The United States Food and Drug Administration (FDA) defines a rare disease or orphan disease as a disease or state that affects less than 200,000 patients in the US, or that affects no more than five in 10,000 of the general population in the European Union (EU)(1). It is estimated that there over 6,000 different rare diseases identified to date, with around 3/4th of these genetic in origin (1). With genetic as a major etiological factor, rare diseases disproportionately affect children, with 30% of the children with rare diseases unable to survive beyond five years of age (2).

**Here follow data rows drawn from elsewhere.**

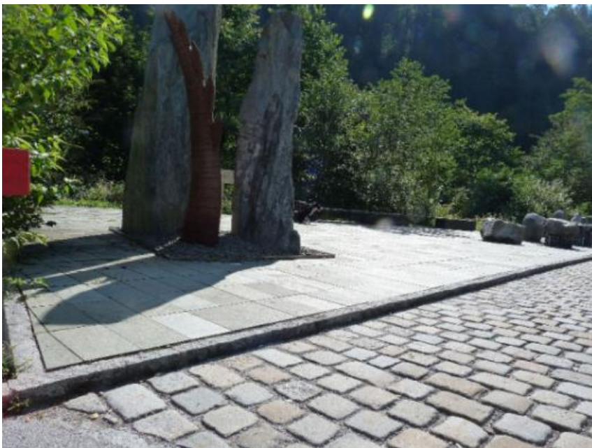
Bild 6: Pflasterung im Vordergrund ungeeignet

Das sagt auch die UN-BRK zum Recht auf Teilhabe. Das sind grundlegende Rechte für jeden Menschen.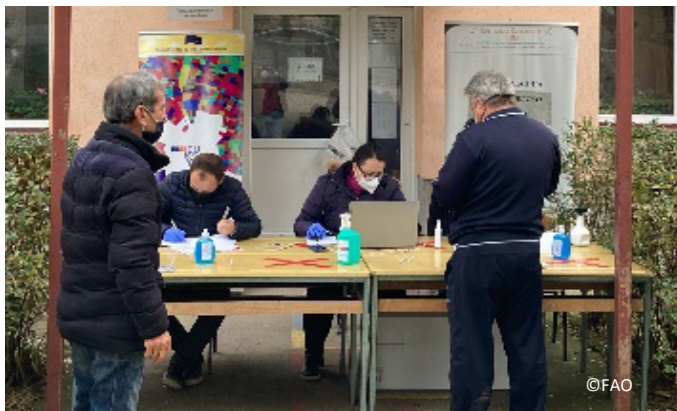
Собрание на учесници во консолидација во с. Соколарци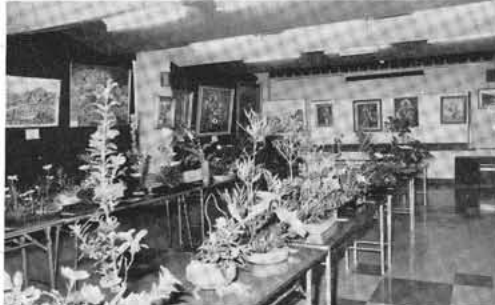
展示会場もすばらしい作品でいっぱい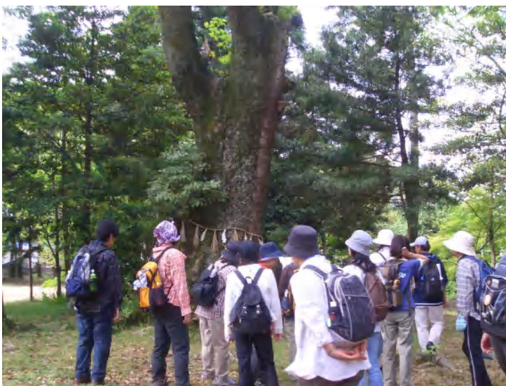
樹齢400年のダマの木を観察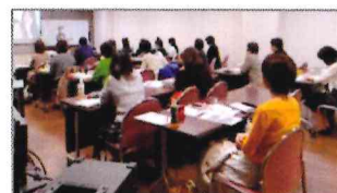
第49期(今期)の講義風景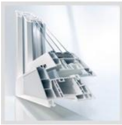
Plastová okna GENEÓ®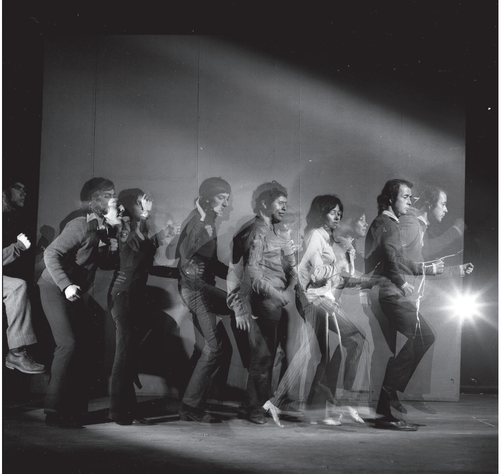
Cuántas ruedas tiene un trineo. Año: 1971. Fotografía de Juan Domingo Marinello. En Archivo de la Escena Teatral UC y www.chileescena.cl

Haber vivido en los campos de concentración creó en nosotras lazos y raíces tan fuertes que se quedaron para siempre en nuestras biografías, en un antes y un después. Marietta, compañera, hoy estamos aquí para decir adiós a tu secreta lucha de mujer sensible y artista, a tu profunda sed de justicia, que no pudo ser satisfecha en la justicia de los hombres. Decir adiós a tu necesidad de respuestas, sin respuesta, que todavía espera un nuevo día (“Carta a Marietta”).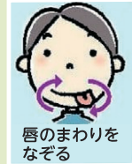
唇のまわりをなぞる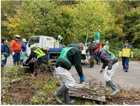
ゴミの回収作業状況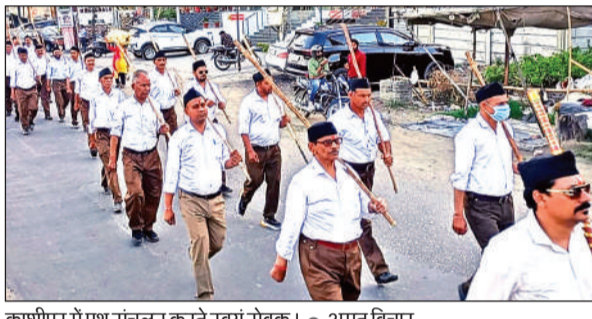
काशीपुर में पथ संचलन करते स्वयंसेवक।

स्वयं सेवकों ने रामपुरम कॉलोनी स्थित अटल पार्क में एकत्र होकर पथ संचलन में भाग लिया। साथ ही ग्रामीण मंडलों में भी जगह-जगह पथ संचलन के कार्य आयोजित किए गए। सभी जगह बौद्धिक सत्र के दौरान मुख्य वक्ताओं ने संघ के सौ वर्षों के इतिहास और उपलब्धियों की जानकारी देते हुए समग्र हिंदू समाज को संगठित और एकजुट होने पर विशेष जोर दिया। इसके साथ ही वक्ताओं ने पंच परिवर्तन के तहत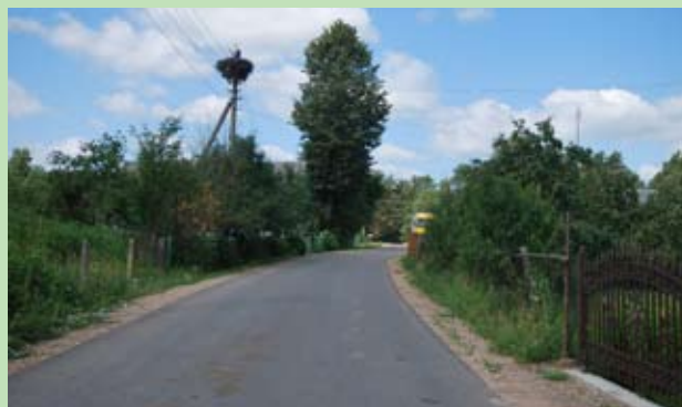
Ulica Kwiatowa we wsiach Giełuńce i Powary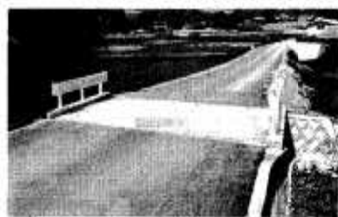
下村瀬之浦線も拡幅され舗装道路へ

北薩衛生処理組合は五月一日からし尿処理取扱い手数料を改定十八円五十四円のし尿取扱い手数料が七十円となりました。なお、取扱い量が百五十リットル以下のし尿取扱い手数料は、これまで四百円でしたが、五月一日から五百八十円となりました。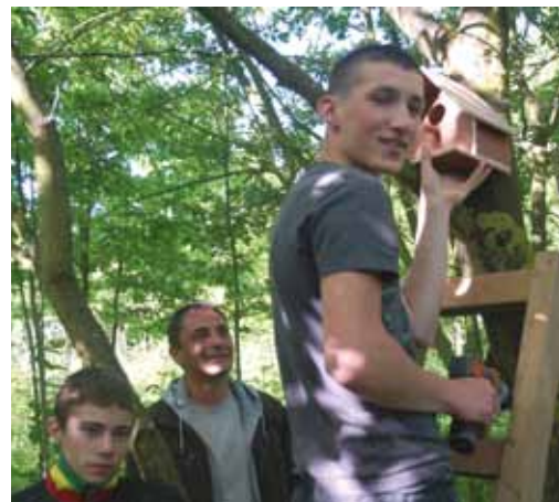
Pose des nichoirs créés par les jeunes de l'Association B. de Guitaut dans le Bois du Long Cours.

partage et d'émotion avec la Chorale « Chantons ensemble », réunissant dans le plaisir de chanter personnes valides et non valides.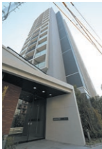
パウスクロス相模大野

JR総武線・都営大江戸線「東中野」駅 徒歩9分 / 東京メトロ東西線「落合」駅 徒歩9分 / JR山手線・東京メトロ東西線「高田馬場」駅 徒歩15分 鉄筋コンクリート造 10F 全138室 2022年2月 竣工 事業主：中央日本土地建物株式会社様 三信住建株式会社様

There is no doubt that the development and commercialization of rare diseases is an incredibly difficult area for any company. The challenges are numerous and cover many areas, as broad as economics and disease awareness. And as a result, pharmaceutical companies have traditionally been hesitant to foray into this space. To overcome these challenges, the FDA and other regulatory bodies – legislated the Orphan Drug Act in 1983 to provide the much-needed impetus for the development and commercialization of rare diseases.
Continued advocacy by the FDA and patient groups has created a much-needed drive for rare disease drug development. Since 1983, the FDA has approved drugs and biologics for 800+ rare disease indications (3). The growth of rare disease research is further attested by the fact that in 2019 the Center for Drug Evaluation and Research (CDER) approved 44% of pure orphan products (i.e., 21 out of 48 novel drug approvals were pure orphan products) (3).